TASK DESCRIPTION:
Reproduce the listing in full, pictures excluded.

PROVIDED DATA:

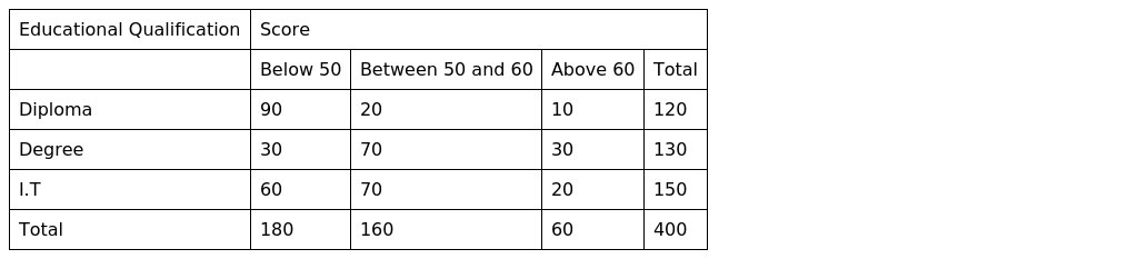 1.1.2 The probability that he is a Degree graduate, given that his scores are above 60 is .
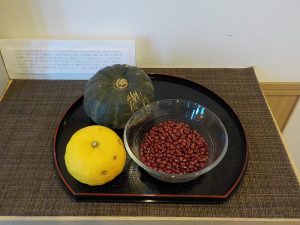 12月の室内装飾は、【冬至】をテーマに、柚子・かぼちゃ・小豆を飾りました。
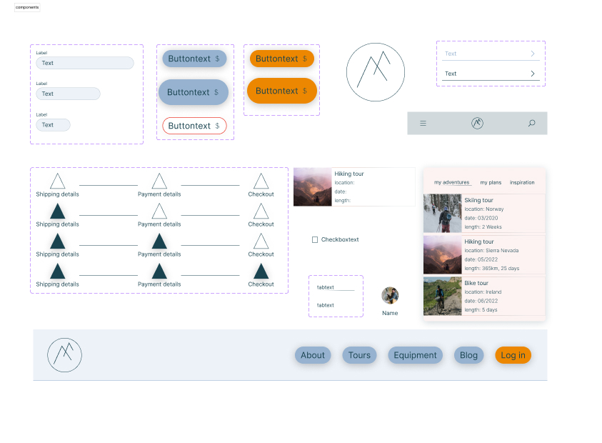 UI daily design challenge with daily ui tasks This is a UI project-only. By completing the tasks set I merged it into one project: a plattform for mountain travellers to plan and book their tours. style guide #19434F #EDF2F8 #EC8701 Inter H1 | extra bold | 48pxH2 | extra bold | 40 H3 | extra bold | 32body | regular | 16subline | regular | 24 Inter H1 | semi bold | 32pxH2 | semi bold | 24 H3 | regular | 16body | light | 14subline | regular | 14 components desktop screens landing page credit card payment mobile screens sign up personal accountcalculator_overlaycalculator Previous image Next image previous project see all
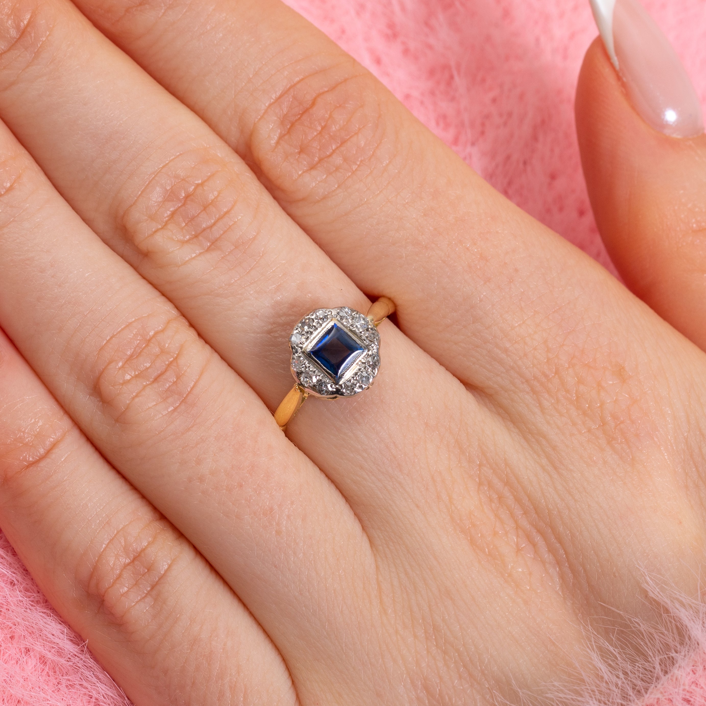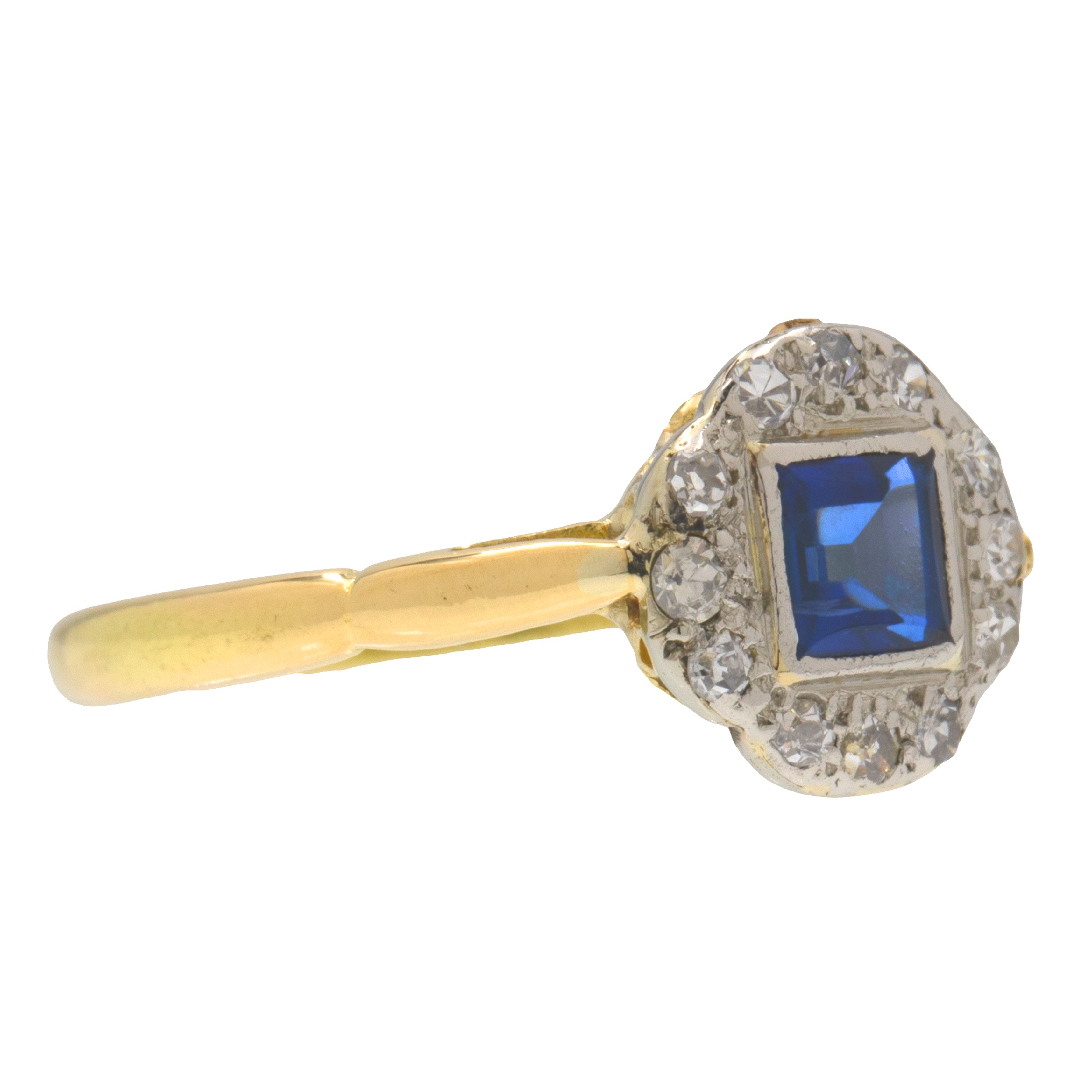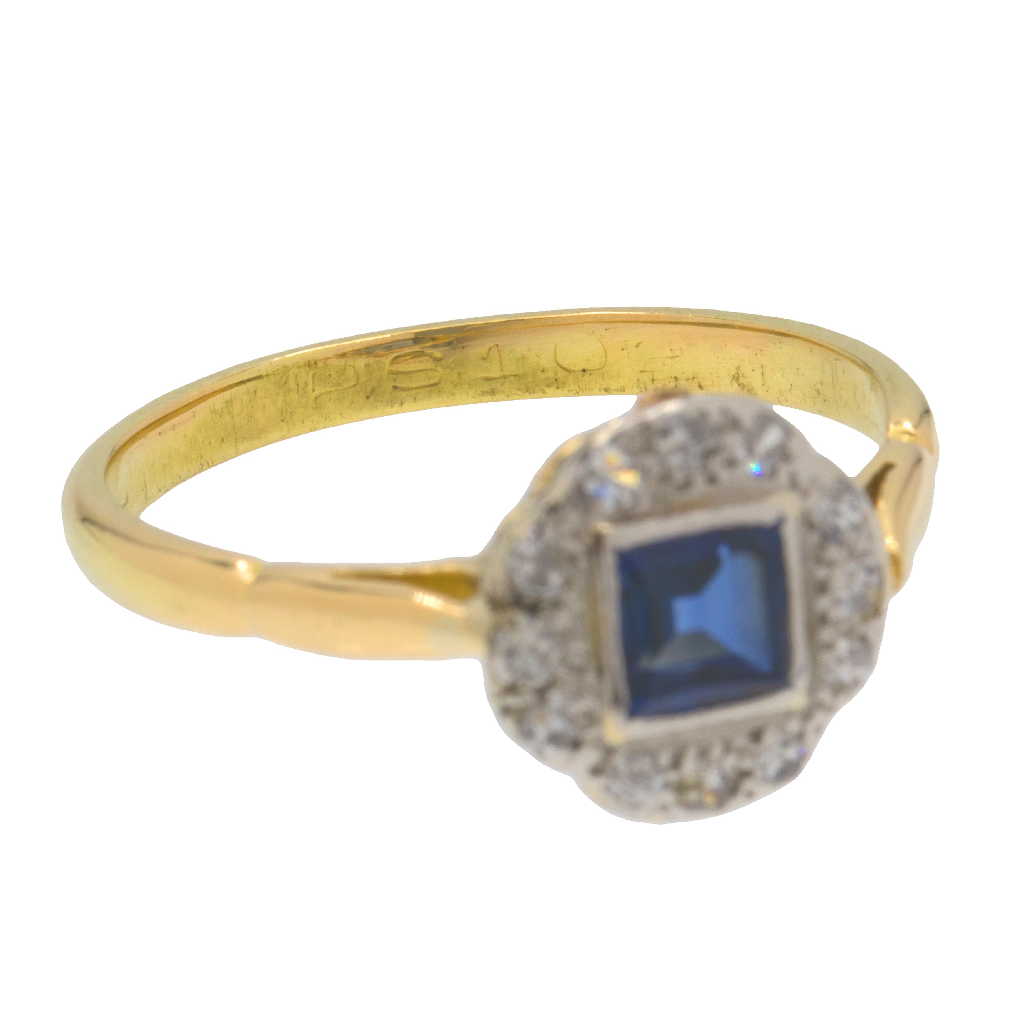 This 18ct Gold Sapphire Diamond cluster ring will make a classy addition to any Vintage jewellery collection. A square-cut Diamond sits poised at her centre, with deep midnight blue hues dancing from facet to facet.

EXERCISE OUTPUT:
 1.1.2 The probability that he is a Degree graduate, given that his scores are above 60 is .
 12月の室内装飾は、【冬至】をテーマに、柚子・かぼちゃ・小豆を飾りました。
 UI daily design challenge with daily ui tasks This is a UI project-only. By completing the tasks set I merged it into one project: a plattform for mountain travellers to plan and book their tours. style guide #19434F #EDF2F8 #EC8701 Inter H1 | extra bold | 48pxH2 | extra bold | 40 H3 | extra bold | 32body | regular | 16subline | regular | 24 Inter H1 | semi bold | 32pxH2 | semi bold | 24 H3 | regular | 16body | light | 14subline | regular | 14 components desktop screens landing page credit card payment mobile screens sign up personal accountcalculator_overlaycalculator Previous image Next image previous project see all
 This 18ct Gold Sapphire Diamond cluster ring will make a classy addition to any Vintage jewellery collection. A square-cut Diamond sits poised at her centre, with deep midnight blue hues dancing from facet to facet.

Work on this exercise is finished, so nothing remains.